The stories told about Zach Parker at his funeral on Thursday drew heavily from childhood, a glaring reflection of his youthful age when he was shot dead earlier this month.
The 23-year-old was remembered as a playful friend; the symbols left at his coffin included childhood shoes; the voice of his younger brother Cillian, barely tall enough to reach the podium microphone, crumbled as he delivered his reading.
Parker’s girlfriend Hayley, fighting through tears, told the congregation how he had been her first love; she his “one true love”.
Two weeks ago, Parker was leaving a gym with a friend in the north Dublin suburb of Swords when he was shot multiple times in a targeted assassination and left to die in the carpark.
He had been involved with drugs and while it was a gangland hit, the young man was a relative unknown to gardai investigating serious criminality.
Gardaí believe his killing was linked to the local drugs trade rather than a more high profile criminal feud. He became the third person to be killed in Ireland this year.
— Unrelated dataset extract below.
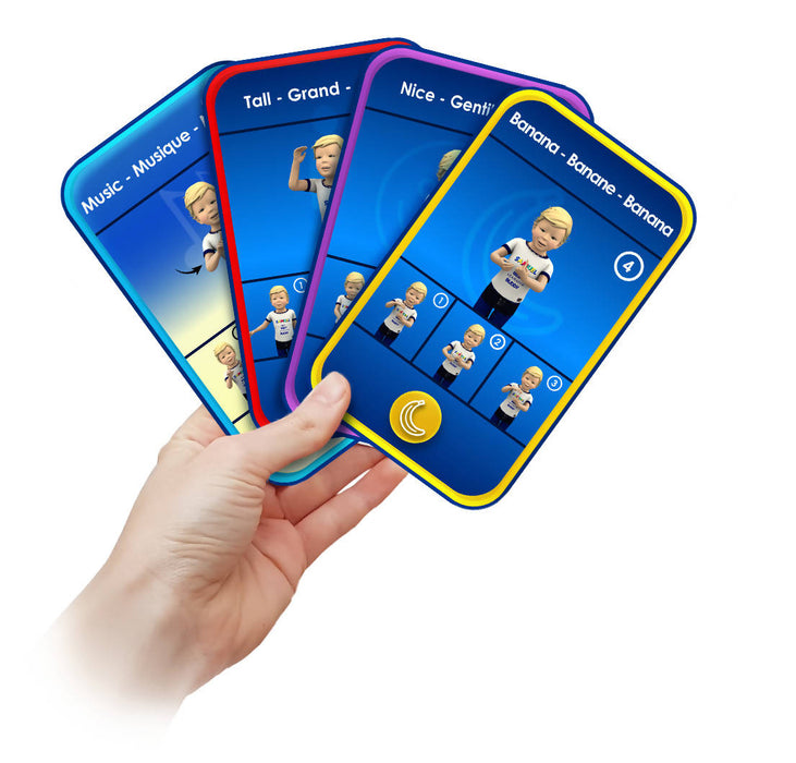 De plus, en vous procurant le coffret de cartes, vous aurez accès gratuitement à la technologie de Réalité Augmentée vous permettant de voir Samuel faire les signes en 3D devant vous!

His funeral, noticeable for the overwhelming amount of young men and women turned out in black, reflected on the popularity of a man whose premature death was still, apparently, sinking in.
Symbols of short life
“They say when you are missing one person the whole world seems empty,” Hayley told the family and well-wishers who had squeezed into St Colmcille’s Church in Swords,, Dublin taking up every corner and the gallery above.
“All the memories we made together; I never for a second thought that this would be the end of us.”
Parker’s coffin was carried inside from the bitterly cold Thursday afternoon shortly after 11am as the church bells began to toll outside. It was heaved onto the shoulders of young men - a number of whom wore peaked caps, sunglasses and long dark jackets. They were followed by tearful family members who made their way up to the empty rows of seats by the alter.
Fr Paul Thornton explained the items that were carried forward, a combination of poignant and light-hearted symbols of a short life. Parker’s first and last shoes, the motorcycle helmet, hair clippers from his passion for barbering, teeth whitener and a Nando’s bag - the favoured restaurant from where he would regularly be seen buying food in the nearby Pavilions shopping centre.
If these items testified to youth, his cousin Keli’s stories, told on behalf of his family, reinforced it.
She recalled his being chased around the kitchen with a wooden spoon, his morning grumpiness and his love of dogs and cars; she mentioned childhood hobbies.
“I think one of the most generous things Zach has given us is our memories of him. And how lucky we are to say that Zach William Parker is ours and how proud of him we are,” she said.
Earlier in the service, Father Thornton said the act of violence that had taken his life was out of context with the lives of the community.
“Our hearts are troubled because something like this happened so easily on an ordinary Thursday evening,” he said.
But those most affected, he continued, included his mother Siobhan, father Stephen, brother Cillian, girlfriend Haley, grandfather Willie, step-father Gary and step-mother Kelly.
“These are the hearts that are most troubled because this day two weeks ago their lives were changed forever.”